F. If you are unable to meet with the decision-maker, ask for referrals to other people with whom you can speak -- people in other departments within the company, in a competitor's company, or perhaps customers who may be interested in someone with your talents.

VI. Keep Yourself in the Running After a Meeting.
A. After your meeting with the decision-maker, put together a three paragraph "After Interview Thank You" letter in which you thank him/her for taking the time to meet with you to emphasize:

  1. What you can do to make a difference, in light of the problems you identified;

  2. Those aspects of your background that seemed of particular interest;

  3. Your sincere interest in being a part of this "team".

B. Tell the decision-maker that if you haven't heard from him/her in about ten days, you will call back to see "how the hiring process is going."

C. If after about ten days you haven't heard back, call to reaffirm your interest. It is important to keep your name in the forefront, and look for an opportunity to get together for another meeting.
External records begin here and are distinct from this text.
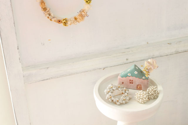 屋根の部分には左右どちらかに小さなあながあって、ドライフラワーを挿してお楽しみ頂ける仕様になっています!
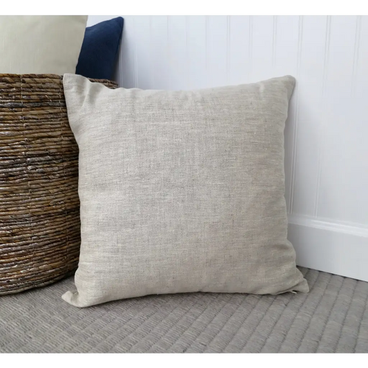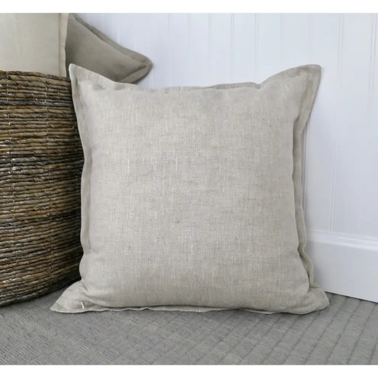 Heathered Natural Linen Pillow Cover with Flange Edge
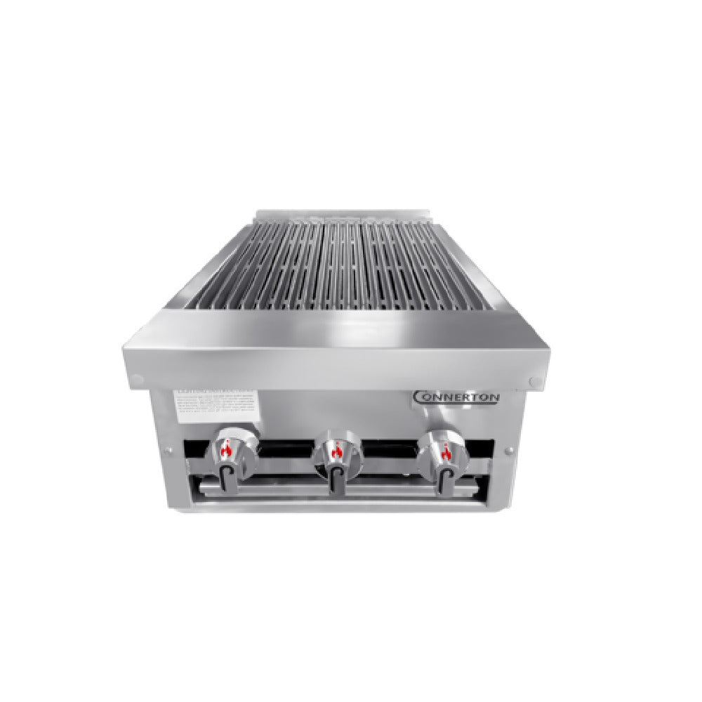 Connerton, CRB-18_LP, Charbroiler, countertop, gas, 18"W x 29"D, cast iron radiants & top grates with grease flow channels, manual controls, 3/4" NPT rear gas connection, fully welded stainless steel body, fire box, front panel & drip pan, 3 Burners, 75,000 BTU, NSF, CSA
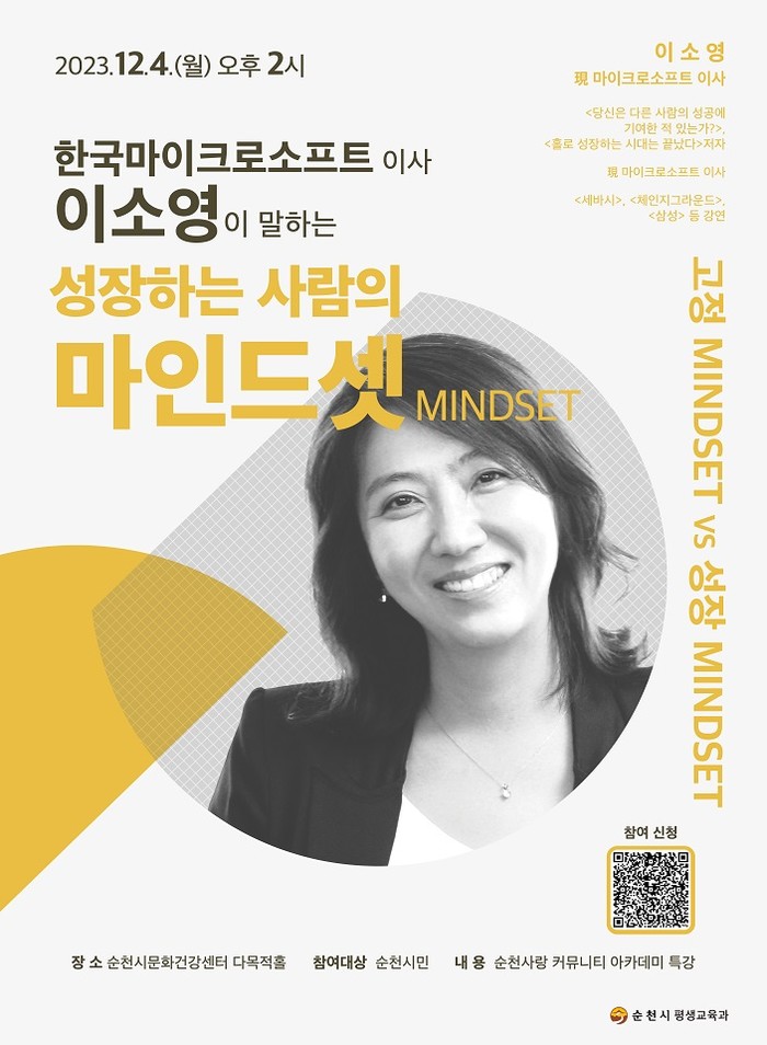 [전남=프레스뉴스] 강래성 기자= 순천시(시장 노관규)는 오는 12월 4일(월) 14시 문화건강센터 다목적홀에서 ‘성장하는 사람의 마인드셋’이라는 주제로 이소영 한국마이크로소프트 이사 초청 강연을 진행한다.

Express your interest in discussing in more depth ways you could help solve their problems or bring about needed change.

D. Keep checking back until you receive a definite yes or no. Ask how often you should check (they might be interviewing other candidates). If you are not being scheduled for a second interview, your chances at this point are small, so get your campaign back in high gear and continue your job search.

E. Sometimes the company is just not able to create a new position and must wait until the new budget. In that situation, the time it will take to generate an interview will be longer. If you get the impression that they are interested and do want to hire you but cannot do so at this time, look for ways to stay in contact. For example, you might fax a copy of a recent article you found in the library (a "just-thinking-of-you" fax).

F. STAY IN TOUCH. Call and check in about once every three months. If you haven't had any success after a year, drop them from your list.